Beta-1,3-N-acetylglucosaminyltransferase radical fringe, also known as radical fringe is a protein that in humans is encoded by the RFNG gene. Radical fringe is a signaling enzyme involved in the arrangement of the embryonic limb buds. It is a member of the fringe gene family, which also includes manic fringe and lunatic fringe. It is important for the dorsoventrally patterning of the limb and has been implicated in the formation of the apical ectodermal ridge (AER). The AER is essential for the distal patterning of the limb. Experiments executed in chicken models show Radical fringe is expressed in both the dorsal ectoderm and the AER. This provides evidence that the AER forms from cells already expressing radical fringe, though further evidence is needed to confirm. Grafting experiments have shown that formation of the AER comes from signals in the limb bud mesoderm. However, radical fringe acts as a permissive signal to create a boundary for the AER to form. The knockout experiments done in chicken models suggest Radical fringe plays an integral role in wing development. 

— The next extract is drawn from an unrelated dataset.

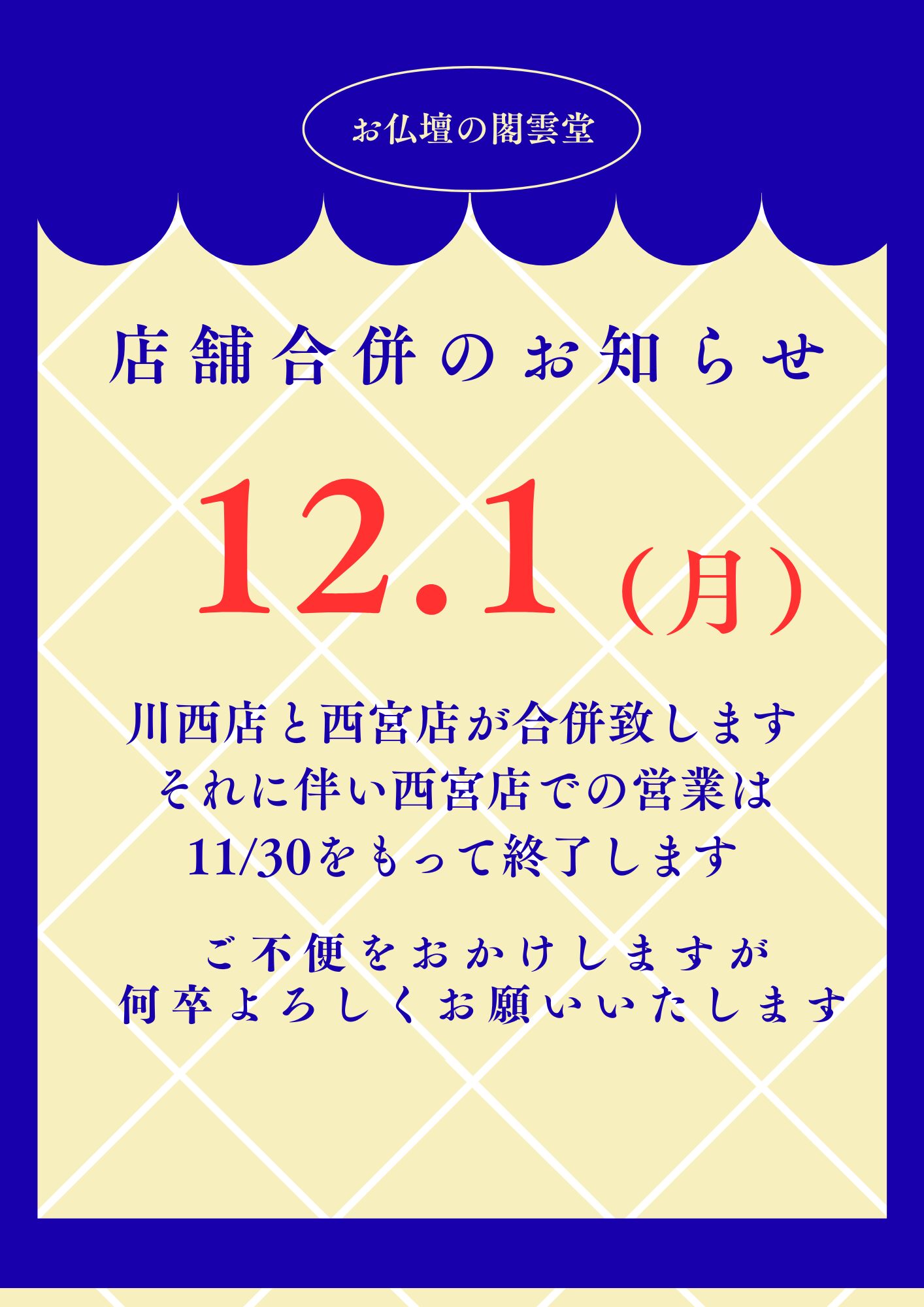 日頃より閣雲堂をご愛顧いただき厚く御礼を申し上げます。
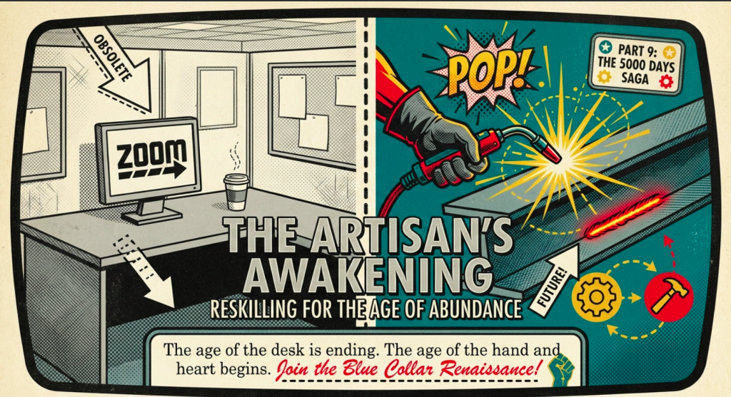 With these milestones etched in our collective memory, serving as the foundational pillars upon which our ongoing narrative builds, we now ascend to new heights in Part 9: The Artisan’s Awakening. Here, we pivot from the deskilling lamented in Part 5 – the erosion of sedentary, screen-bound labors under AI’s relentless gaze – to a glorious reskilling toward vocations of the hand and heart, emphasizing not just survival but a profound reclamation of joy and purpose.

Conversely, knockout experiments in mice have shown that if Radical fringe is absent no phenotypic differences occur. Further study revealed the absence of mutation is most likely due to redundancy of Manic and Lunatic fringe, which likely take over in the absence of Radical fringe. Radical, Manic, and lunatic fringe genes make up a group of enzymes known as 3-beta-N-acetylglucosaminyltransferases. They elongate O-linked fucose residues on notch receptors, which effects neurogenesis through the notch signaling pathway. While Radical fringe may not be vital for limb formation in all species, current research suggests it plays an integral role in establishing the pattern of the developing limb when expressed.